**Activity**
Copy, exactly as written, the lines that begin at the one containing "mehr…Das offene Antifa-Cafe" and end at the one containing "The back as". Skip any pictures in the data below.

**Dataset records**
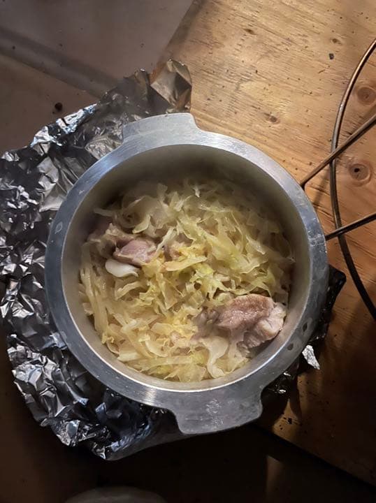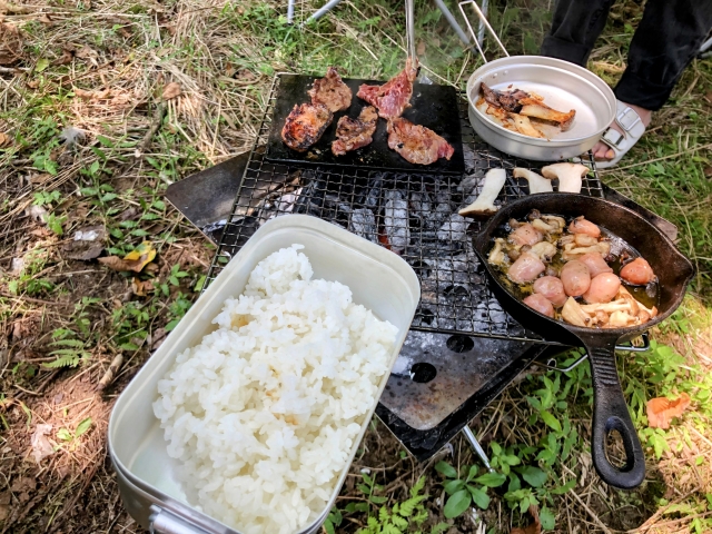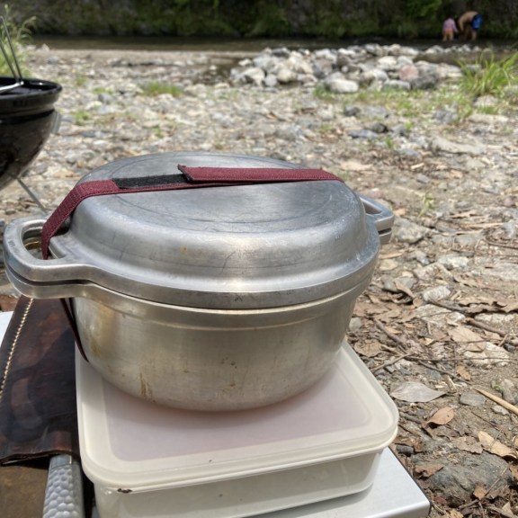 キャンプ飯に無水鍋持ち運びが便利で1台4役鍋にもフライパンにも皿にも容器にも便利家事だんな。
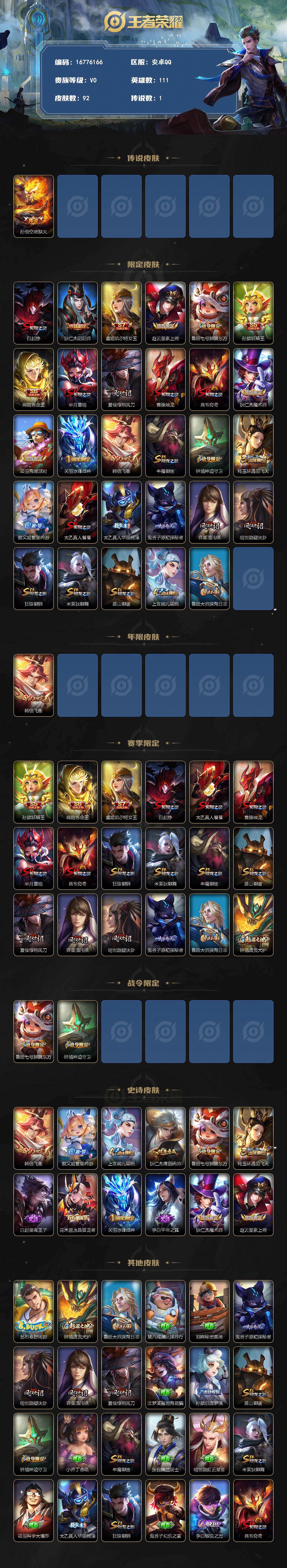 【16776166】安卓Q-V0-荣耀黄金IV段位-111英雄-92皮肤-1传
==
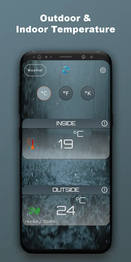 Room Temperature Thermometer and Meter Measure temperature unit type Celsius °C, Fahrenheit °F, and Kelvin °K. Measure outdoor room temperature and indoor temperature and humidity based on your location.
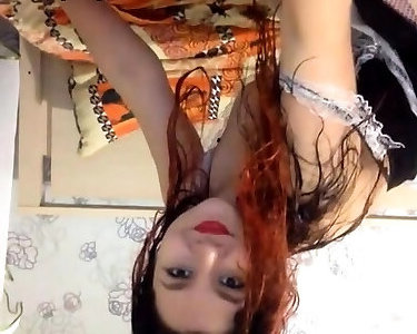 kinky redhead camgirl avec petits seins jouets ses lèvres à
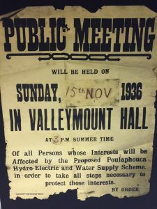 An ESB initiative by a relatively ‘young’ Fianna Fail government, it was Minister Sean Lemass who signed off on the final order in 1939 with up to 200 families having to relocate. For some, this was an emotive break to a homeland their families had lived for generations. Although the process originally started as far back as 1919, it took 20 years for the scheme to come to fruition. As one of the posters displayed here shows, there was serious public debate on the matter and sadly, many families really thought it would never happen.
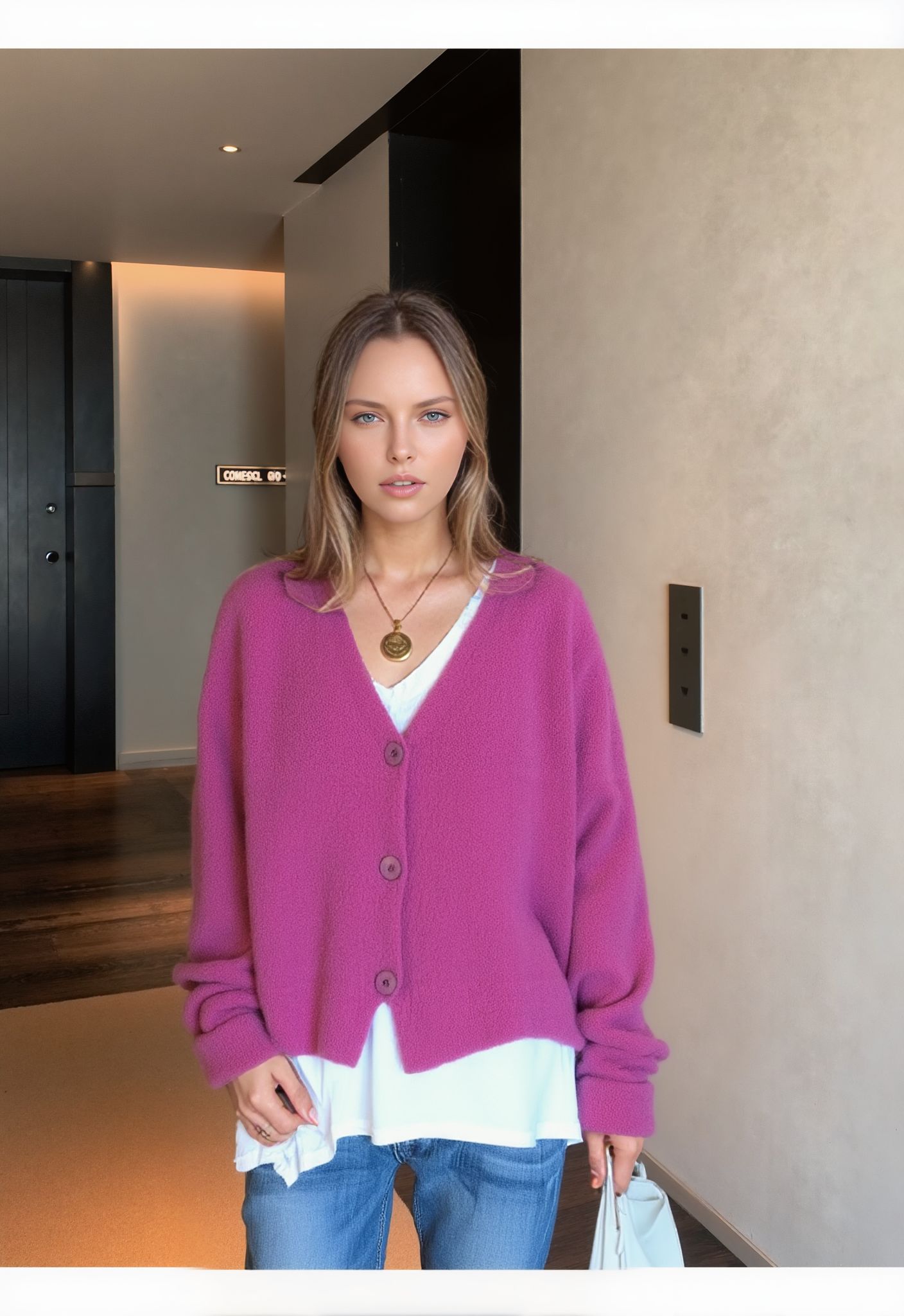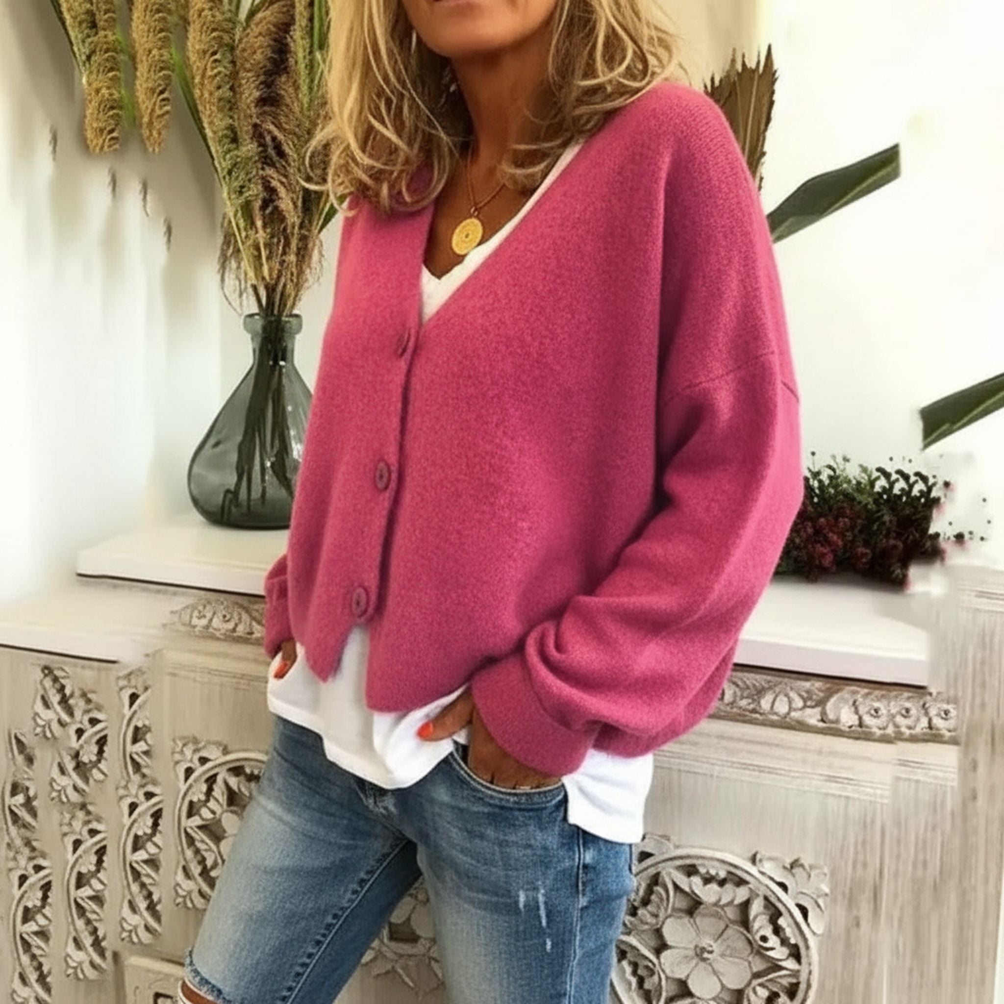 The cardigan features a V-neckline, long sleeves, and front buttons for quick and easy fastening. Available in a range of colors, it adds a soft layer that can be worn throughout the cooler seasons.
...
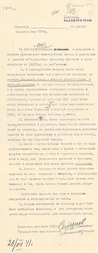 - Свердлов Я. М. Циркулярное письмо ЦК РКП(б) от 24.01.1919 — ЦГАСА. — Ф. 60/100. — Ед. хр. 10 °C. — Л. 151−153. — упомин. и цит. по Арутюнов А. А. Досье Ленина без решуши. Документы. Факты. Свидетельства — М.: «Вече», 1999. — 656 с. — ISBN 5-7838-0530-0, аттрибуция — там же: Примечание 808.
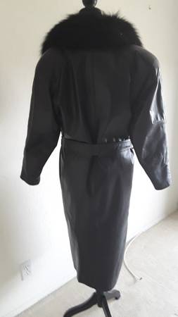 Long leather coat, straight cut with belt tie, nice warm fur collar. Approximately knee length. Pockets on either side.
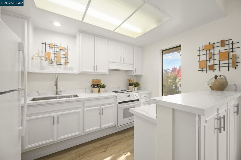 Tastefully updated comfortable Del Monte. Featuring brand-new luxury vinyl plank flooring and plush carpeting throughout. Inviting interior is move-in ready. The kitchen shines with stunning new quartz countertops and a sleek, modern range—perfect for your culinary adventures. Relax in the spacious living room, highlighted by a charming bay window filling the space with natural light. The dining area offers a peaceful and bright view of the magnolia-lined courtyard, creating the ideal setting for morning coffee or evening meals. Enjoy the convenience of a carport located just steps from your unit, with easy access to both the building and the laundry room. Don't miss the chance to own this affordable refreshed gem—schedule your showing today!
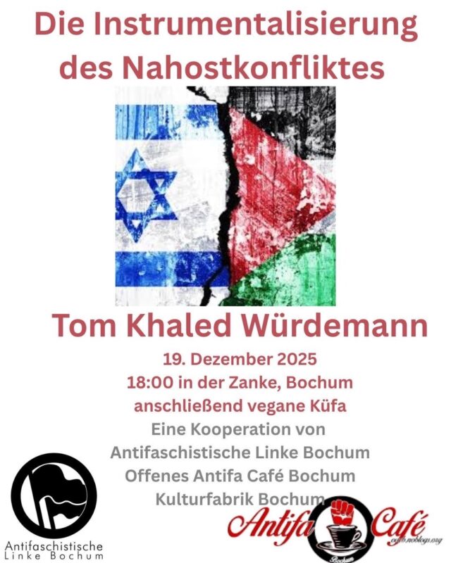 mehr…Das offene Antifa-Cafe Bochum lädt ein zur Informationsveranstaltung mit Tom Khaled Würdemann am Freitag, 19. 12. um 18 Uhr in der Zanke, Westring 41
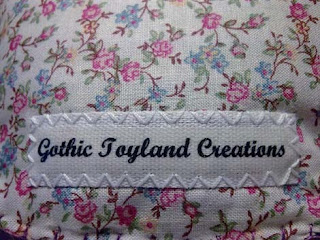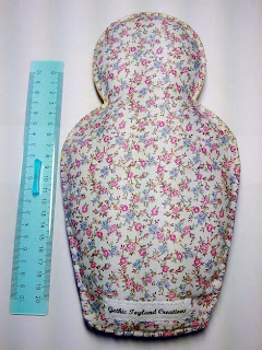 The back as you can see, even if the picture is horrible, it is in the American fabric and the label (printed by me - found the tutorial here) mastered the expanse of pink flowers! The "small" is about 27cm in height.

**Exercise answer**
 mehr…Das offene Antifa-Cafe Bochum lädt ein zur Informationsveranstaltung mit Tom Khaled Würdemann am Freitag, 19. 12. um 18 Uhr in der Zanke, Westring 41
 The back as you can see, even if the picture is horrible, it is in the American fabric and the label (printed by me - found the tutorial here) mastered the expanse of pink flowers! The "small" is about 27cm in height.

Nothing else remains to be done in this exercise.